〜吉田一美のえらぶみち〜  
 
(どうして……?)  
吉田一美の胸の内で、先程までの幸せと温もりが音を立てて砕け散った。  
カムシンと名乗る少年から借り受けた片眼鏡が示す、残酷な真実に。  
裸眼の視界の中心に立つのは、クラスメイトの坂井悠二。彼女が初めて本気で好きになった、優しい少年。  
片眼鏡を通した視界の同じ場所に在るのは、人の形をした炎の塊。もう、人ではないもの。  
『世界の本当の姿』を知った時以上の凍りつくような絶望と恐怖に、すうっと意識が遠のきかける。  
その刹那、恐慌をきたした群集の一人に突き飛ばされ、揺らいだ身体が悠二の胸に倒れ込んだ。  
「危ないっ!」  
「……っ!」  
咄嗟に抱き止めてくれた腕の意外な力強さと、微かに感じる汗の匂いに、一美は小さく息を呑んだ。  
強く打たれた背中の痛みも、周囲に満ちる人々の叫喚も、遠い世界の事のようにしか感じられない。  
現実感を欠いた風景の中で、自分を支える悠二の存在だけが、意識を繋ぎ止めてくれる。  
しかし、唯一残されたその人こそが確たる実像ではないと、古風な片眼鏡が冷厳に告げていた。  
「くっ……、こっちだ、吉田さん!」  
悠二は我先にと暴走する人波から庇いつつ、露店の間の小道へと入り込んだ。  
人気の無い林道を早足で駆ける彼に手を引かれ、足をもつれさせながらもそれに従う。  
この手の温もりが、優しげな横顔が、いずれ儚く消えてしまうなどとは、信じられない。信じたくない。  
(どうして……?)  
身体が林道の先へと進んでいくなか、意識はただその問いだけを繰り返していた。  
 
「……っはぁ。この辺りまでくれば、大丈夫かな」  
参道の明かりが窺える程度の距離で、悠二は速度を緩めて立ち止まった。  
悠二の手が離れると、萎えた足が力を失い、その場にすとんと膝を突く。  
「封絶が起きない……? 一体、何が……」  
怒号と悲鳴の飛び交う参道と、空を埋める奇怪に歪んだ花火を交互に見て、理解できない単語を呟く。  
妙に落ち着いた態度の悠二の視線が顔に掛けた片眼鏡を捕らえ、わずかに訝しげな色を浮かべる。  
けれど、それはすぐに真剣な表情に取って代わり、屈んで目線を合わせると、静かに語り出した。  
「吉田さん、しばらくここで待ってて。
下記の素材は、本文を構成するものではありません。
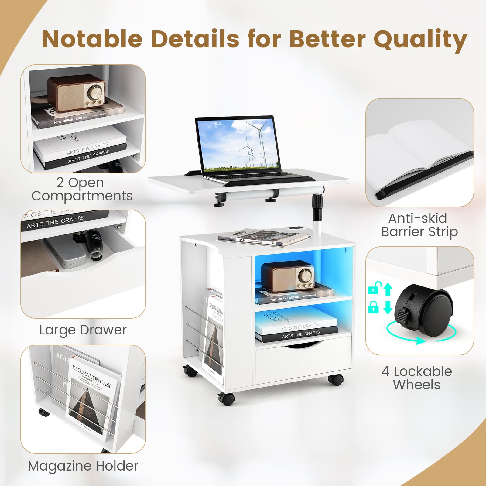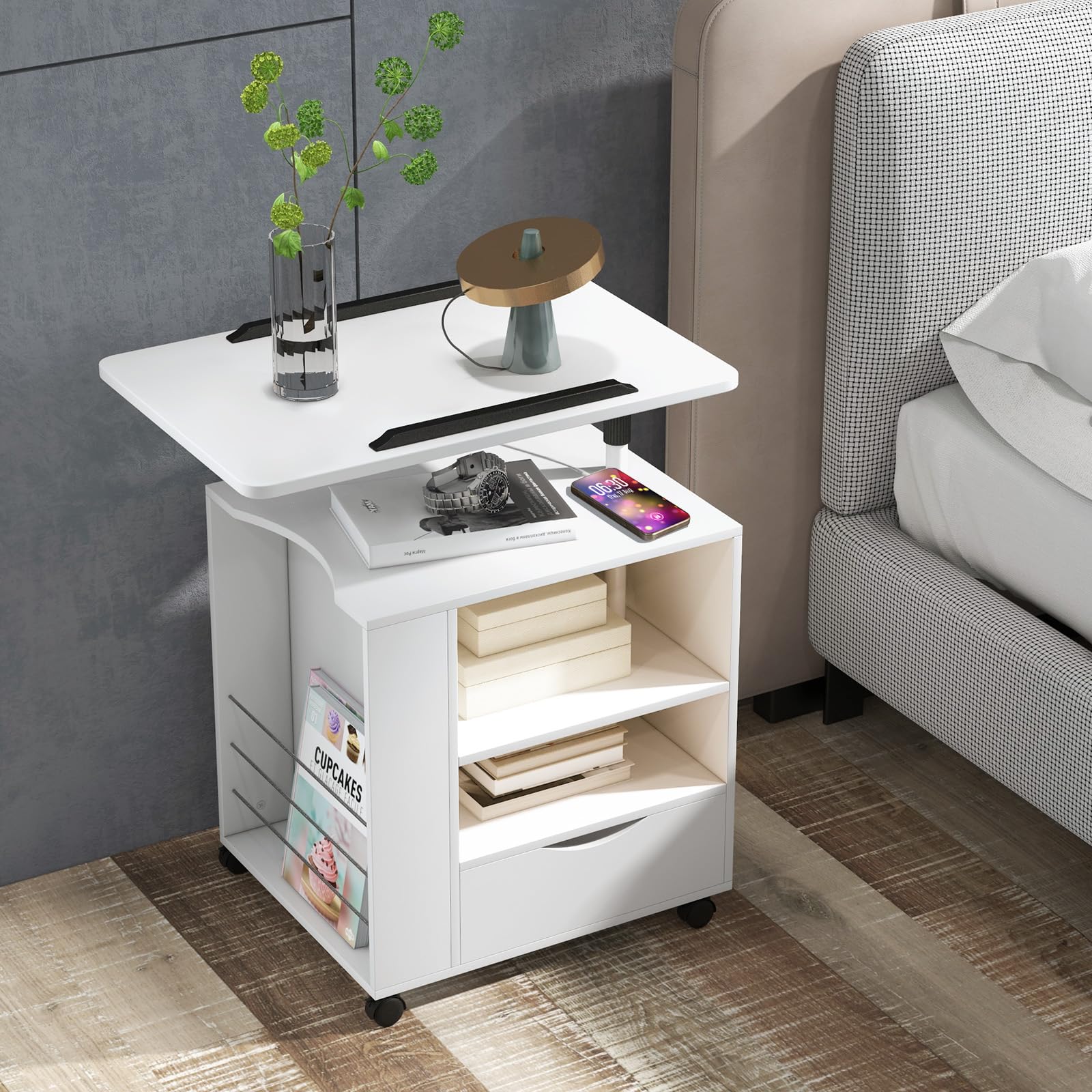 - [Sturdy Rolling Workstation]: Made of thickened board with premium edge-sealing, the end table is a reliable addition to your living space. The smart bedside table is equipped with 4 lockable wheels for free movement when you want to move it from the living room to the bedroom.

それで、向こうの騒ぎが収まったら、なるべくあの光から離れて」  
「え……?」  
肩に両手を置いた悠二の声に、遊離しかけていた意識を現実に引き戻された。  
突然の怪現象に怯えているだけだと思っているらしく、勇気付けるように小さく頷いて見せてくれる。  
「それまでにあれが消えてたら、多分もう危険はないから。ここからなら、一人で帰れるよね?」  
「ひとりで、って……。さかいくんは、どうするんですか?」  
一人で。その言葉の持つ意味の重さに、顔から更に血の気が引く。  
抑揚のない声で問い掛けると、悠二は済まなそうな顔をして僅かに目を逸らす。  
「僕は、行かなくちゃいけない処があるから。……今日は楽しかったよ。ごめんね、送ってあげられなくて」  
「いや……」  
「えっ?」  
悠二の別れの言葉に、どうしようもない膝の震えが身体を揺さぶり、拒絶の言葉が口を衝いて出た。  
その声の響きを感じ取ったのか、悠二は肩から離しかけた手を途中で止めて、彼女の瞳に目を戻す。  
その一言が口火を切り、働き出した頭の中で、様々な想いが濁流のように巻き起こった。  
 
(いや……)  
悠二がトーチであるという動かし難い事実が嫌だった。  
トーチになった者を救う術はないというカムシンの言葉が、胸に重く圧し掛かる。  
(いや……)  
悠二が自分の前から立ち去ってしまう事が嫌だった。  
目を離した隙に、そうと気付けない内に、あの時の人影のようにふっと消えてしまうような気がして。  
(いや……)  
そして何より、悠二の存在を、彼に対する強く温かい想いの全てを、失ってしまう事が嫌だった。  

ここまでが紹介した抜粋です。